In June of 1932, Amelia Earhart sent a polite but resolute letter to the New York Times, asking that they please stop referring to her by the wrong name. As the world’s first female aviator and the first woman to fly solo across the Atlantic, Amelia Earhart was famous in her own right. Her sensational professional achievements, and the attention that ensued, made her a living legend, yet to her frustration, the press continually referred to her as Mrs. George Putnam, which would have been her married name had she not broken with tradition. In her letter to the Times and in subsequent public comments on the topic, Amelia Earhart said she loved her husband but felt marriage was an equal partnership, and any career merit should be attributed to the one who attained it. The print media acquiesced and mentioned her as Miss Earhart from then on.
While Amelia Earhart certainly wasn’t the first woman to keep her surname upon marriage, she was one of only a handful to do so until the late 70s, when customs – backed by legal, social, and economic factors – began to change.
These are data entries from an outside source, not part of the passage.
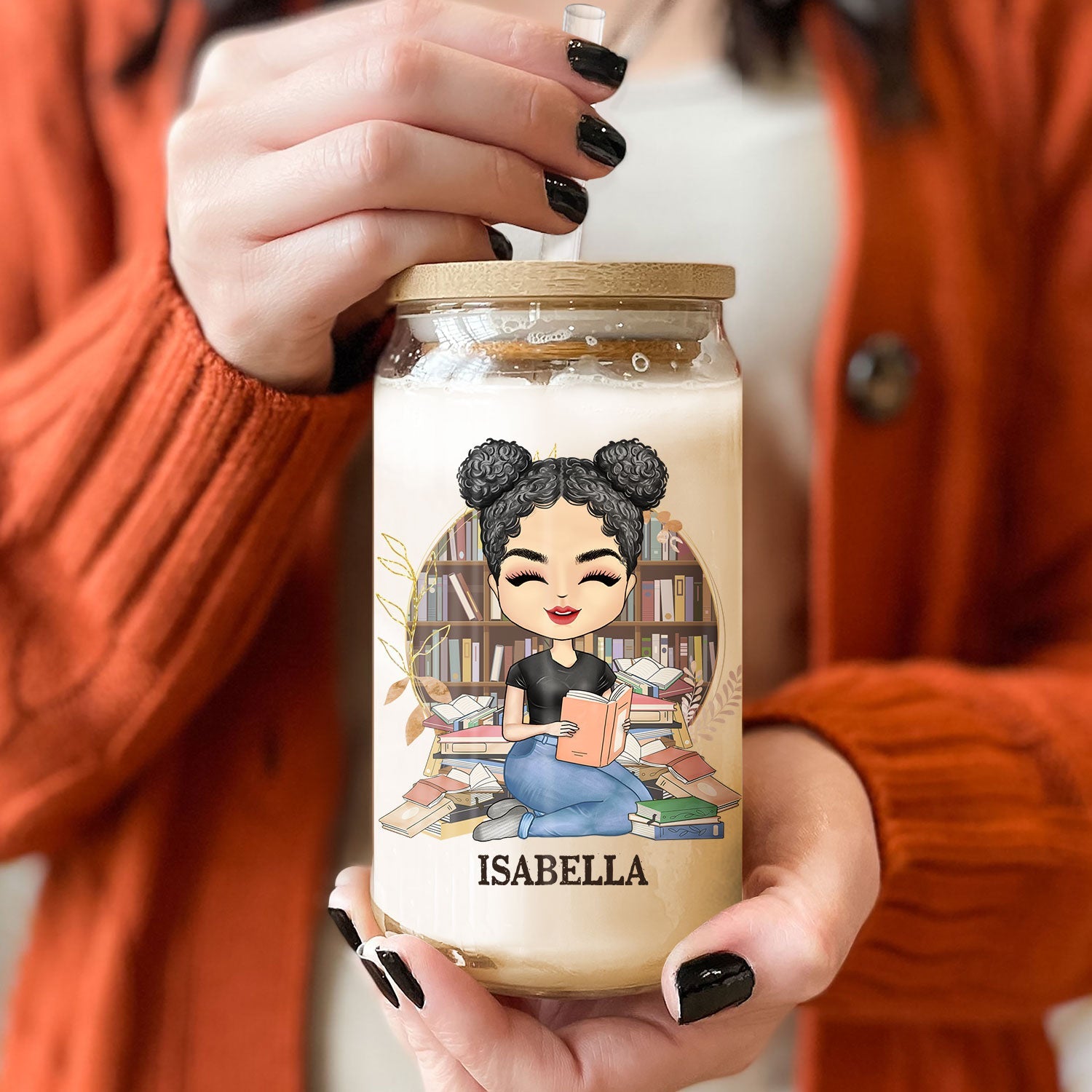 - Package: 01 clear glass can with a wooden lid and acrylic straw.
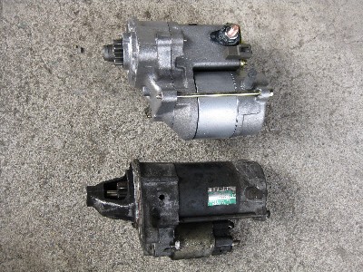 これがリビルド品のリダクション式セルモーター。 ピカピカに磨かれた外装を見た感じはまるで新品のようです。 部品番号は、28100-46100です。 ちなみに、プラネタリ式の方は、28100-46080です。 |
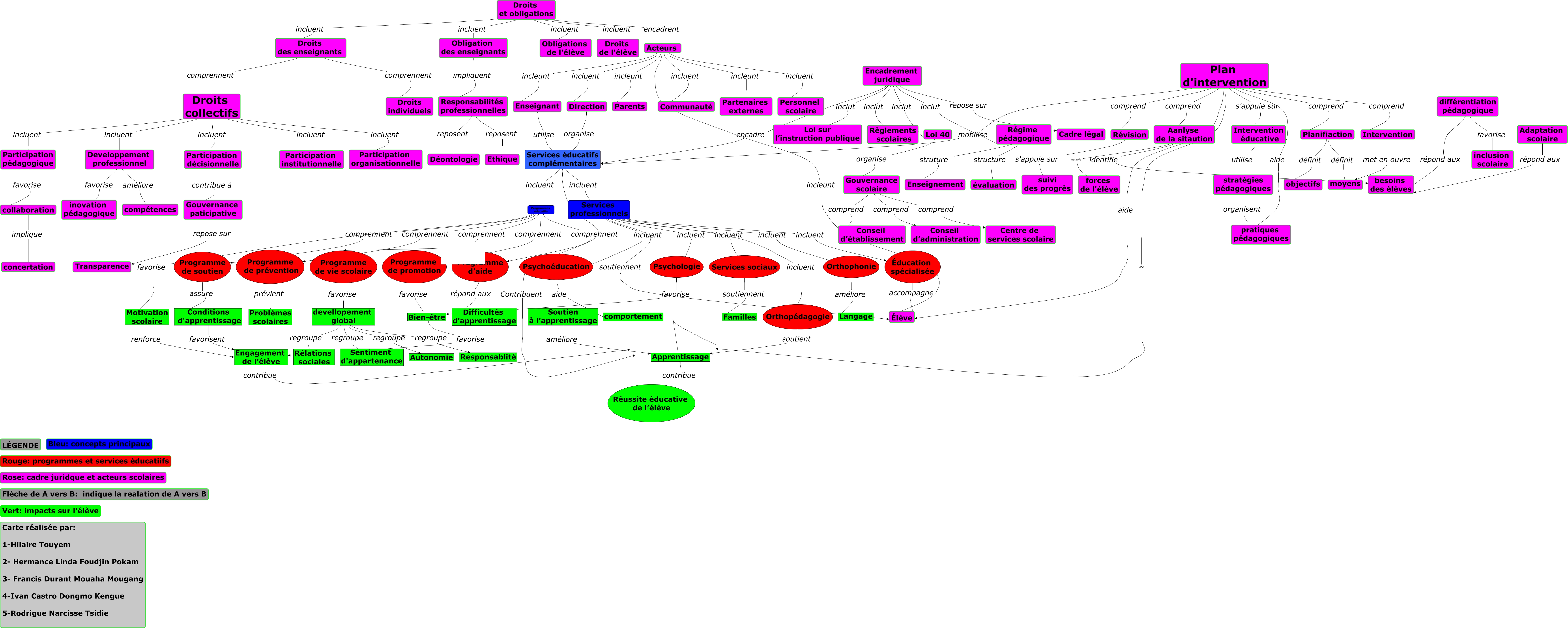Cette carte de concepts créée avec IHMC CmapTools traite de: Groupe_T_Cmap, Developpement professionnel améliore compétences, Acteurs incleunt Partenaires externes, devellopement global regroupe Autonomie, stratégies pédagogiques organisent pratiques pédagogiques, Droits collectifs incluent Participation pédagogique, Gouvernance scolaire comprend Conseil d’établissement, Droits et obligations incluent Obligations de l'élève, Droits et obligations incluent Droits des enseignants, Services professionnels incluent Orthopédagogie, Psychologie favorise Bien-être, Enseignant utilise Services éducatifs complémentaires, Orthopédagogie soutient Apprentissage, Services professionnels incluent Psychologie, Plan d'intervention comprend Aanlyse de la sitaution, Adaptation scolaire répond aux besoins des élèves, Régime pédagogique structure évaluation, Loi 40 organise Gouvernance scolaire, Programmes éducatifs comprennent Programme d’aide, Aanlyse de la sitaution identifie forces de l'élève, Acteurs incluent Direction

Before I got married, I never considered taking a man’s name. Growing up in the post-Steinem era of feminist policy, I was grateful to those who fought for my rights and felt it was my duty to repay them by keeping my name intact. Abdicating the part of me that held my family history in favor of someone else’s seemed an unnatural and unnecessary sacrifice. I had just as much invested in my identity as my husband did in his, and no one expected him to change – so why should I? Looking through the thick scrim of idealism that only the young possess, I could not foresee a situation that would erode my conviction, and for the first few years of married life, when it was just my husband and me, this was true.
By 2001, the year I got married, nearly a third of American women kept their maiden names in either a personal or professional capacity, so, unlike Amelia Earhart, whose defection from convention was newsworthy, my decision followed a well-established path and the obstacles I encountered were minor. They were things like, explaining to my dad why I didn’t need a new driver’s license, telling my grandmother that, no, this didn’t mean I planned on getting a divorce, or writing two distinct names on our tax return – inconveniences, really, that reflected generational expectations more than anything else.
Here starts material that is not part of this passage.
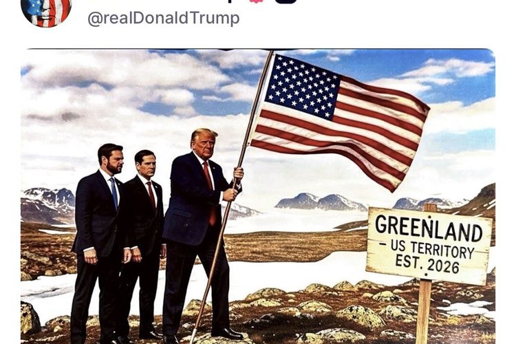 Dalam foto AI yang dibagikan pada Selasa (20/1/2026), Trump tampak menancapkan bendera Amerika Serikat di tanah Greenland. Ia didampingi oleh Wakil Presiden JD Vance dan Menteri Luar Negeri Marco Rubio. Di depan mereka, terdapat papan bertuliskan: “GREENLAND – US TERRITORY EST. 2026”.
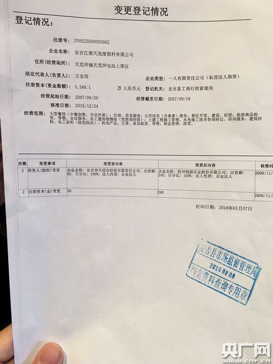 記者查詢安吉縣工商局登記信息發(fā)現(xiàn),江南天池度假村的前身就是天荒坪電站的三產(chǎn),天荒坪電站綜合經(jīng)營(yíng)公司,在2005年前屬于集體企業(yè),之后這家企業(yè)多次變身,成為了浙江錢源旅游開發(fā)股份有限公司,江南天池公司就是錢源的全資子公司,2010年后,兩家企業(yè)的法人代表變?yōu)殡娬厩肮?huì)主席王安培。

When our daughter came along and it was automatically assumed by every institution in existence that she would bear my husband’s name, my notion of curbing inequality with a surname crumbled like a dead leaf. Amid the frenzy of a new baby, I hadn’t the gumption – or the energy – to counteract the patriarchal tradition. In my sheltered naïveté, where identity was limited to the confines of a husband and wife relationship, I hadn’t given serious thought to what we would name our child, beyond selecting a timelessly traditional yet unique prénom, and certainly hadn’t planned preemptively. Perhaps I was in denial, because deep down I knew that of the three options – my last name, his last name, or ours hyphenated together – the choice was made, eras ago. I could have pushed for our daughter to have my last name, but weighing effort against outcome using the metrics of our ancient paradigm, I chose the path of least resistance and let the system win.
If all this sounds melodramatic, my attachment to a name (which, if we’re being factual, belonged to my father, not mother, and is itself a resounding endorsement of male dominance) I concede. I will go further and admit it’s an argument wrought from those with privilege, already: those with money, education, a position in society. But I maintain that the importance of a name cannot be overstated. Names, like words, shape our impression of the world, and names shape the world’s impression of us.
Since 2001, the number of women keeping their maiden names has risen only slightly, and the focus for attaining equality seems to have shifted to more procedural plights, like maternity leave, equal pay, and healthcare. As a political issue, women see greater impact from their efforts elsewhere, and likely recognize the futility of changing our entire system of familial nomenclature. Unfortunately, to keep your name or take your husband’s will always be either an awkward stay or a sticky transition, but, really, it’s what we do after that, that counts.